Dal’s Cinq-Mars ready to fly at AUS championships

Photo by Trevor MacMillan
Photo by Trevor MacMillan

 

By: Monty Mosher

Lise Cinq-Mars was an athletic girl who excelled at figure skating growing up in Ontario.

But before she was even a teenager, she turned her focus to swimming.

It was natural, perhaps.

Her parents, Gilles Cinq-Mars and Charmaine van Schaik, had both been swimmers. Gilles Cinq-Mars swam with Olympic gold medallist Alex Baumann at the Laurentian club in Sudbury.

It turns out it wasn't as natural as all that. Cinq-Mars didn't excel right away, achieving by force of will until her mid-teens.

"I wasn't very good when I was younger, to be honest," she said. "I didn't really get any time standards, or go to any big meets, until I was 15 or 16. It took a little while to get there."

Once the sport came together for her, there was no turning back. Now in her third year with the Dalhousie women's swim team, the 20-year-old Cinq-Mars is the reigning conference champion in the women's 50 and 100-metre butterfly events and looking to add the 200 to her collection at the AUS championships this weekend in Saint John, N.B.
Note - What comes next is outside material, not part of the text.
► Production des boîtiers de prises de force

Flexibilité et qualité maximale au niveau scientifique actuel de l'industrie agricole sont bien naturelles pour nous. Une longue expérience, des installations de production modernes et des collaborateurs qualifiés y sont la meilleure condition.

The conference rookie of the year in 2016 is looking to go below the one-minute mark in the 100-metre butterfly and claim the AUS record held by former Dalhousie teammate Phoebe Lenderyou (1:00.14).

She already has all the standards for the butterfly for U Sports nationals. She was eighth in the U Sports 50-metre final last year in 27.64 in Sherbrooke, Que.
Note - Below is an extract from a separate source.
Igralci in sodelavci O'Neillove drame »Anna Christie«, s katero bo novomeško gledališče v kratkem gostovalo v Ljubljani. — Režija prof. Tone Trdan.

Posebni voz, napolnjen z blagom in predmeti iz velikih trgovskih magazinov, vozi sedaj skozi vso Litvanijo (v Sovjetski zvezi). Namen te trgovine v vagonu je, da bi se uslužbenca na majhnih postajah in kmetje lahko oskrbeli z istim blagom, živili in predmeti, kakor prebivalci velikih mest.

"It was the drive to always do better," she said of her constant pursuit in the pool, and out of it. "I'm a very motivated person. When I want to accomplish something, I set my mind on it and I go for it."

That was certainly the case in swimming. She chased provincials, Eastern Canadians, age-group nationals or anything else that required a time. "I didn't give up until I got there."

Dalhousie head coach Lance Cansdale has seen a steady progression in Cinq-Mars over her career.

"I have seen her evolve from a potential-laden swimmer who was intimidated by the big race to a talented swimmer who lifted and scored in the A finals at both the U SPORTS championships, as well as the SNC Canadian Swimming Championships last season," he said.

"A dedicated and conscientious student-athlete, Lise's commitment to training should allow her to continue to improve and, hopefully, set new AUS records in the coming championship season."

At the senior nationals in Montreal last summer, she was fifth in 50 fly and 10th in the 100.

Cinq-Mars is the eldest of five in the family. The others swam in the past, but now compete in paddling.

She has a goal of making an international team, swimming for Canada for the first time. She would like to be part of the U SPORTS team for the World University Games in 2019.

Always with an eye toward medicine, she visited Dalhousie for an open house in her Grade 11 year. She narrowed her university choices to Dalhousie and McGill, wishing to sample life somewhere other than her home province.

McGill appeared to be winning, but she met Cansdale at the Canadian swimming trials and the next thing she knew was headed to the east coast.

She is a butterfly specialist, but does some freestyle. She is better in the short-distance events.

She won the 50 and 100-metre butterfly events in her first AUS championship and made it back-to-back last year.

She has swept all of the butterfly events around the conference this season, making her the top seed in each entering this weekend.

Why the butterfly?

"I don't really know," she said. "When I was with my first swim team when I was quite young we used to do a lot of fly just for fitness. I guess my coaches saw that I was pretty good at it."

The AUS meet serves two purposes. It is a competition unto itself, with the perennial-champion Tigers always looking to win, and also preparation for the U SPORTS meet.

"We will compete as hard as we can and race our best times," she said. "But it's also a stepping stone. You want to see how fast you can go in the AUS and then repeat it at U SPORTS.

"I'd like to be able to go under a minute for my 100 fly and get that AUS record. That's my big goal for this week."

Competition in Saint John is this Friday, Saturday and Sunday. The U SPORTS championship runs from Feb. 22-24 at University of Toronto.